Combine strawberries, 1/3 cup sugar, and amaretto in a bowl; stir well. Cover and chill 30 minutes. Drain, reserving juice for another use. 

Combine sour cream, whipped topping, 2 tablespoons sugar, and cinnamon in a bowl; stir well. Cover and chill. 

Arrange tortilla wedges on 2 baking sheets; lightly coat with cooking spray. Sprinkle evenly with cinnamon-sugar. Bake at 400 degrees for 7 minutes or until crisp. Cool on wire rack. 

To serve, arrange 8 tortilla wedges on a serving plate; top with about 1/3 cup strawberry mixture and 2 1/2 tablespoons sour cream mixture. Sprinkle with almonds and chocolate.

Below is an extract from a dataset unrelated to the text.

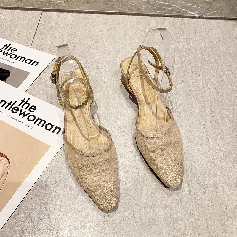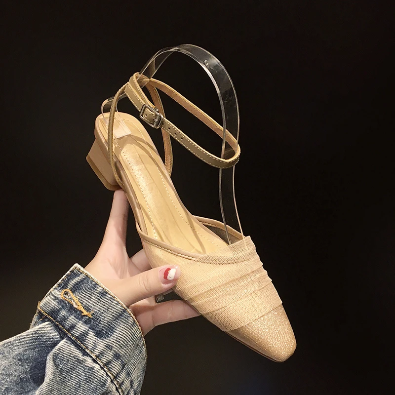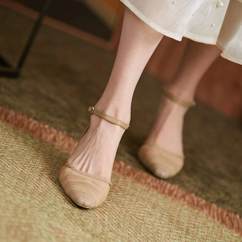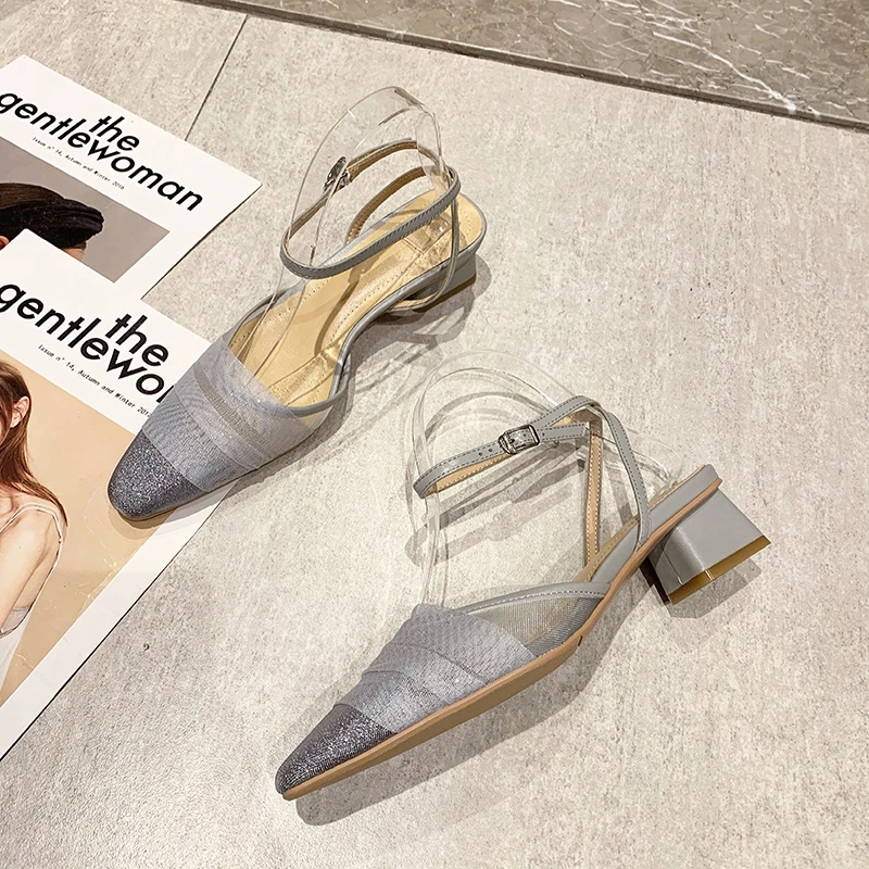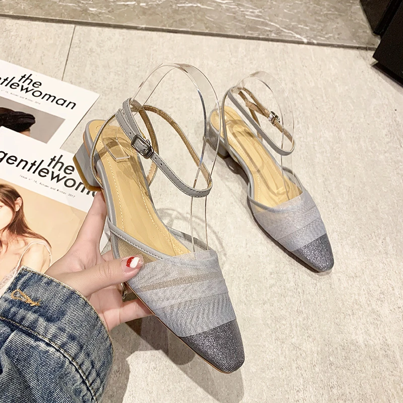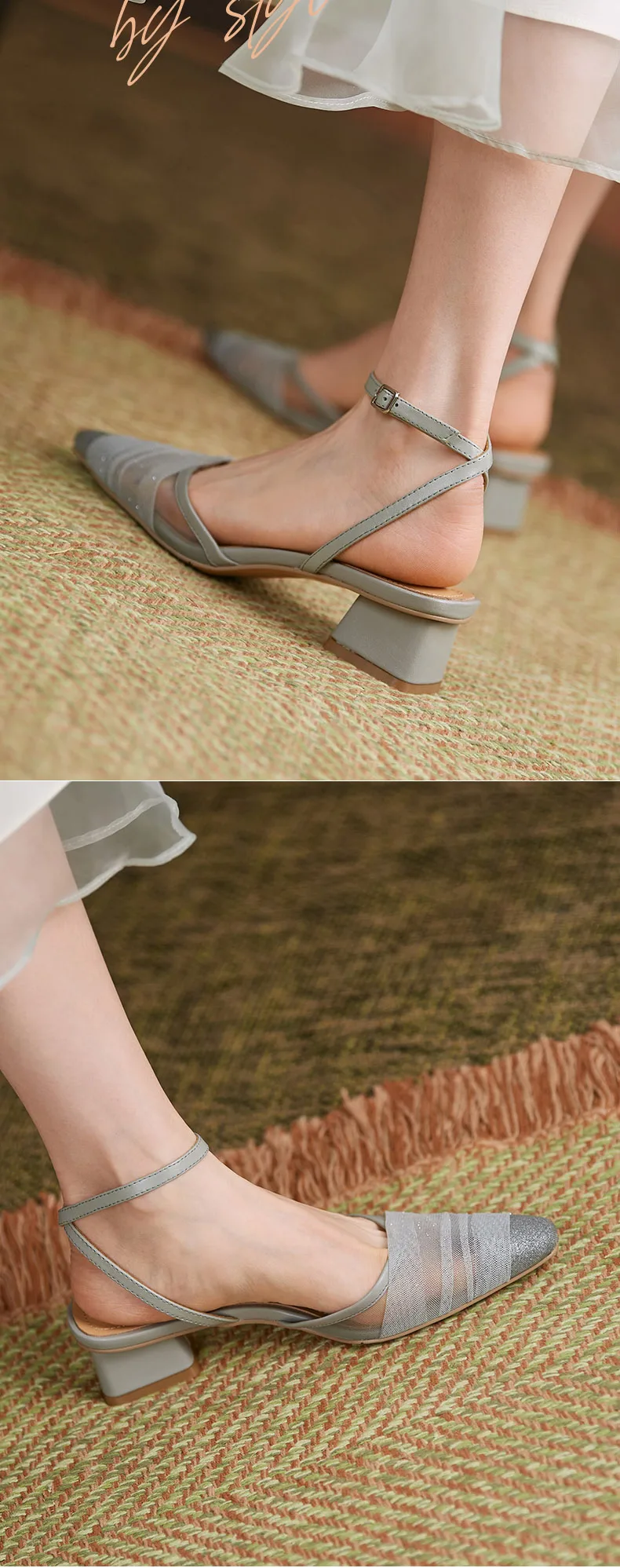 Женские босоножки с острым носком, сетчатые туфли с ремешком на щиколотке и кружевом, классические туфли на среднем каблуке, 9208L, лето 2021
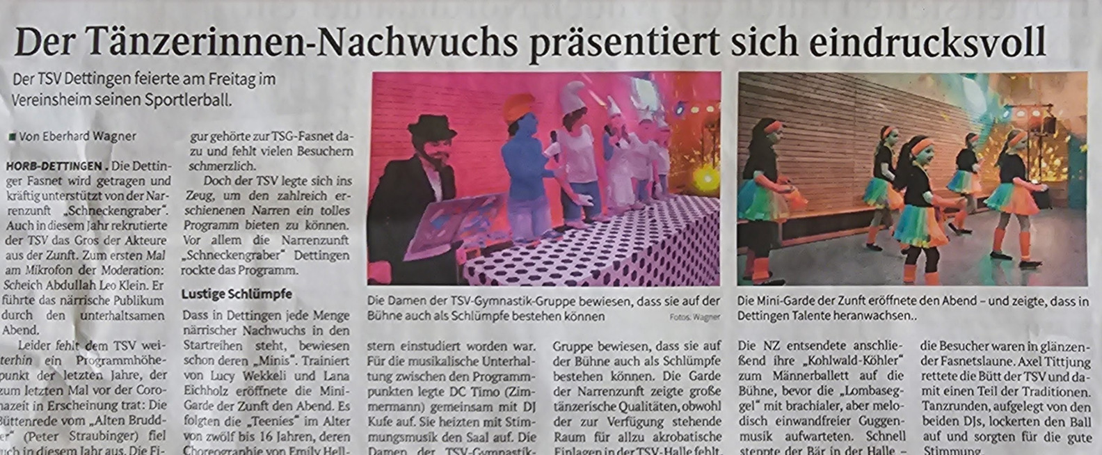 Viele sind originell kostümiert in die TSV Räumlichkeiten gekommen und haben sich von dem tollen Programm bei bester Verköstigung begeistern lassen. Ein Muskelkater der Lachmuskeln am nächsten Tag war garantiert. Die Mini-Garde der NZD konnte gleich zu Beginn verzaubern, gefolgt von der Teeni-Garde mit Ihrer tollen Interpretation von "The Greatest Showman". Die TSV Schlümpfe konnten dann das Publikum mit ihrem originellen Auftritt zum Mitsingen die Halle mit sich reißen. Beste Stimmung dann für den darauf folgenden Auftritt der Garde im Abba-Style. Anschließend konnte das Männerballett begeistern und ließ so manchen bzw. manche bei den Tanzkünsten vor Neid erblassen. Die Lombaseggel als vorletzten Programmpunkt brachten dann endgültig die Halle zum Beben und Axel hat dann mit seiner Gesangs-Rate-Show zum Abschluss die Gäste nochmal so richtig in Ihren Bann gezogen.

*Strawberries with Champagne Sabayon Sauce*

3 pints fresh strawberries, sliced
1 cup sugar
10 egg yolks 
1 cup champagne 

Rinse berries. Then drain and hull. Place 6 equal portions in small serving dishes. In the top of a double boiler, whisk together sugar and egg yolks. Stir in champagne. Place over simmering water, whisking constantly, until mixture becomes thick and foamy. Pour sauce over berries, and serve.


----------